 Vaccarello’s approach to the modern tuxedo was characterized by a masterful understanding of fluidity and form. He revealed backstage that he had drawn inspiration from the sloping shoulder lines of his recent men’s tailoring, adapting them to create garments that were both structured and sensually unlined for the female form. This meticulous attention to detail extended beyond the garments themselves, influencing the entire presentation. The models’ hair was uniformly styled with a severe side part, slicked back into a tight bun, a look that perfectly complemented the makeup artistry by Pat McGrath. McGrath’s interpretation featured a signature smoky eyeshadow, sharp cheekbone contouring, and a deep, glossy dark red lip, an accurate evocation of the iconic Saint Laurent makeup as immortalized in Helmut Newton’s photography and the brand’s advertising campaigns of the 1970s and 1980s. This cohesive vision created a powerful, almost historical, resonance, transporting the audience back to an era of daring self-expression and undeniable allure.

• • • • •

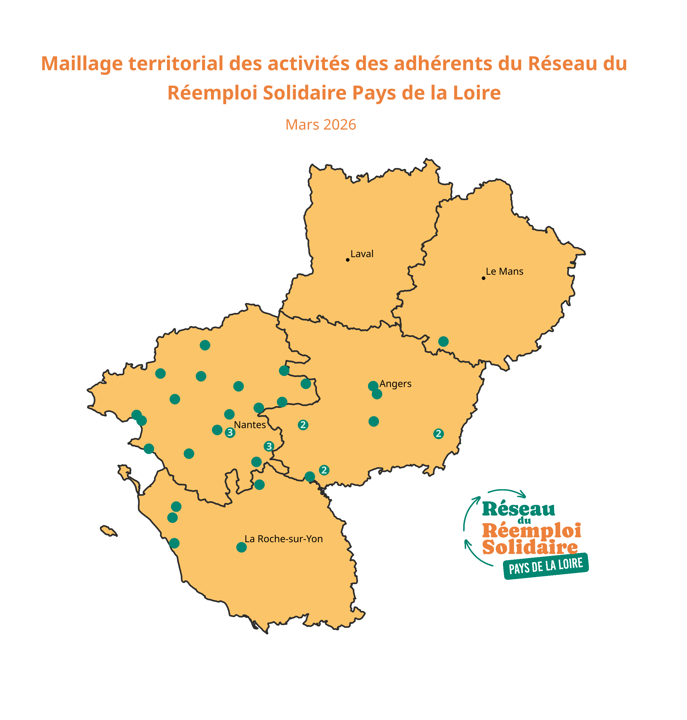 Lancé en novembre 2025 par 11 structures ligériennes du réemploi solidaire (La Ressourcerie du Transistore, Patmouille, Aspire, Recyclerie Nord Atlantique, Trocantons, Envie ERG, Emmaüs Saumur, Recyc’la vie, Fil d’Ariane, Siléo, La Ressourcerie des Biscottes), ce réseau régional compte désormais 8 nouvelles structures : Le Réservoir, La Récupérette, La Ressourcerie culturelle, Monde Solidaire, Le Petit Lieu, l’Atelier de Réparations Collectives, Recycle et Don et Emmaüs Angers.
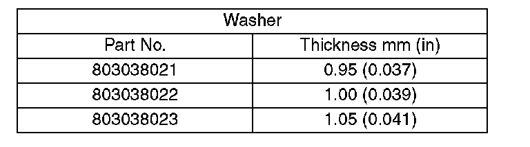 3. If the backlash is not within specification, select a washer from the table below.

• • • • •

→ PROBLEM:
From the records above, copy only the lines running from the line containing "Lancé en novembre" to the line containing "3. If the backlash", both ends included. Leave the pictures out.

→ RESPONSE:
 Lancé en novembre 2025 par 11 structures ligériennes du réemploi solidaire (La Ressourcerie du Transistore, Patmouille, Aspire, Recyclerie Nord Atlantique, Trocantons, Envie ERG, Emmaüs Saumur, Recyc’la vie, Fil d’Ariane, Siléo, La Ressourcerie des Biscottes), ce réseau régional compte désormais 8 nouvelles structures : Le Réservoir, La Récupérette, La Ressourcerie culturelle, Monde Solidaire, Le Petit Lieu, l’Atelier de Réparations Collectives, Recycle et Don et Emmaüs Angers.
 3. If the backlash is not within specification, select a washer from the table below.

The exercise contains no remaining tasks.